Important Notes

• Handins:

– The deadline for submission of your assignment is 23:30pm, 22nd Oct, 2020.

– For undergraduate students, you may do this assignment as a team of two stu- dents and hand in one submission per team.

– For postgraduate students, you have to do this assignment individually and make individual submissions.

– All implementations have to be done in C++.

– You need to submit your source code using the web submission system. You should

attach you and your partner’s name and student number in your submission.

– Late submissions will attract a penalty: the maximum mark you can obtain will be reduced by 25% per day (or part thereof) past the due date or any extension you are granted.

• Marking scheme: 20 marks for online testing in total:

– 4 marks for FIFO (First In First Out) implementation (4 random cases, automarked)

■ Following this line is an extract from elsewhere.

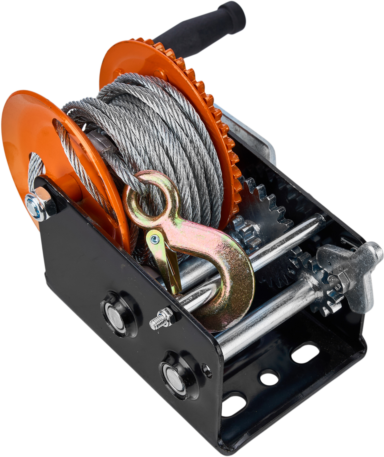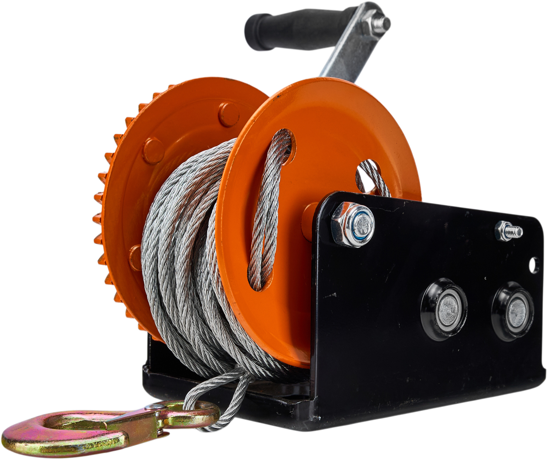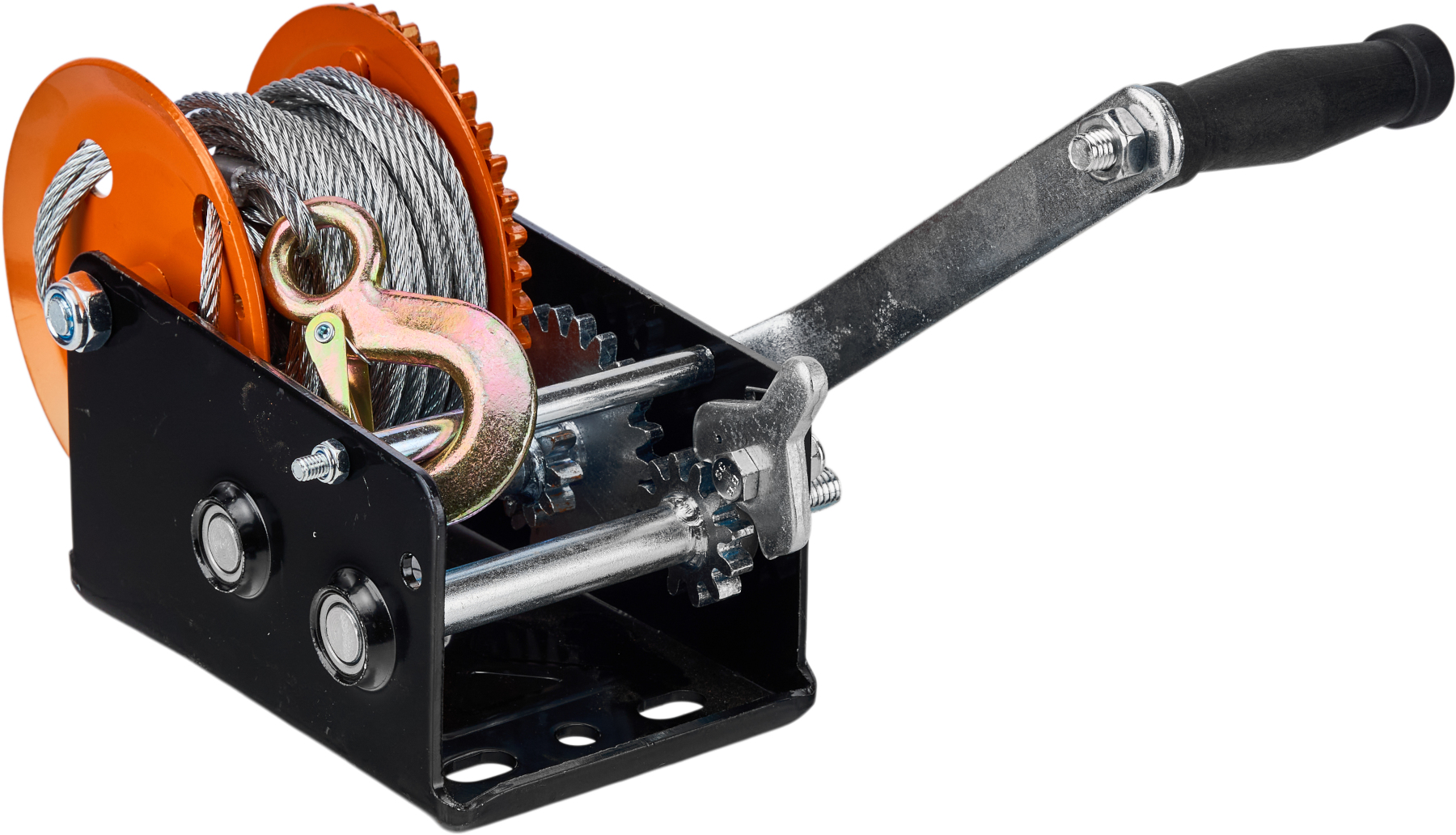 Urządzenie zostało wyposażone w mocny, odlewany hak z dźwignią bezpieczeństwa oraz sprężyną zwrotną, co gwarantuje pewne i stabilne mocowanie ładunku. Ręczna korba współpracująca z precyzyjnym mechanizmem zapadkowym umożliwia płynne i bezproblemowe sterowanie procesem wciągania oraz opuszczania. Stabilna konstrukcja przekładni oraz przełączana blokada biegów zwiększają bezpieczeństwo pracy i zapewniają długą żywotność wciągarki.

– 4marksforLRU(LeastRecentlyUsed)implementation(4randomcases,automarked)

– 4 marks for ARB (Additional Reference Bits) implementation (4 random cases, au- tomarked)

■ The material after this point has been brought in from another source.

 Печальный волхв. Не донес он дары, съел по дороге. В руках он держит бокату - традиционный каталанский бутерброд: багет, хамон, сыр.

– 4 marks for WSARB-1 (Working-Set Additional Reference Bits 1) implementation (4 random cases, automarked)

– 4 marks for WSARB-2 (Working-Set Additional Reference Bits 2) implementation (4 random cases, automarked)

If you have any questions, please send them to the student discussion forum. This way you can all help each other and everyone gets to see the answers.

The assignment Introduction

The aim of this assignment is to improve your learning experience in the page replacement algorithms. Following our discussion of paging in lectures, this practical will allow you to explore how real applications respond to a variety of page replacement schemes. Since modifying a real operating system to use different page replacement algorithms can be quite a technical exercise, your task will be to implement a program that simulates the behaviour of a memory system using a variety of paging schemes.

Memory Traces

We provide you with some memory traces to assist you developing your simulator.

Each trace is a series of lines, each listing a hexadecimal memory address preceded by R or W to indicate a read or a write. There are also lines throughout the trace starting with a #

followed by a process ID and command. For example, a trace file for gcc might start like this: # gcc

R 0041f7a0

R 13f5e2c0

R 05e78900 R 004758a0 W 31348900

The lines in the trace file beginning with #.

Simulator Requirements

Your task is to write a simulator that reads a memory trace and simulates the action of a virtual memory system with a single level page table.

Your memory system should keep track of which pages are loaded into memory.

• As it processes each memory event from the trace, it should check to see if the correspond- ing page is loaded.

• If not, it should choose a victim page in memory to replace.

• If the victim page to be replaced is dirty, it must be saved to disk before replacement.

• Finally, the new page is loaded into memory from disk, and the page table is updated.

This is just a simulation of the page table, so you do not actually need to read and write data from disk. When a simulated disk read or write occurs, simply increment a counter to keep track of disk reads and writes, respectively.

You must implement the following page replacement algorithms:

• FIFO: Replace the page that has been resident in memory longest.

• LRU: Replace the page that has been resident in memory oldest.

• ARB: Use multiple reference bits to approximate LRU. Your implementation should use an a-bit shift register and the given regular interval b. See textbook section 9.4.5.1.

– If two page’s ARB are equal, you should use FIFO (longest) to replace the frame.

• WSARB-1: Combine the ARB page replacement algorithm with the working set model that keeps track of the page reference frequencies over a given window size (page references) for each process (see textbook section 9.6.2). It works as follows:

– Associate each page with a reference bits as the shift register (R) to track the reference pattern over the recent time intervals (for a given time interval length), and an integer counter (C) of 8 bits to record the reference frequency of pages (in the memory frames) in the current working set window. R and C are initialized to 0.

– Page replacement is done by first selecting the victim page of the smallest reference frequency (the smallest value of C), and then selecting the page that has the smallest reference pattern value in the ARB shift register (the smallest value of R) if there are multiple pages with the smallest reference frequency.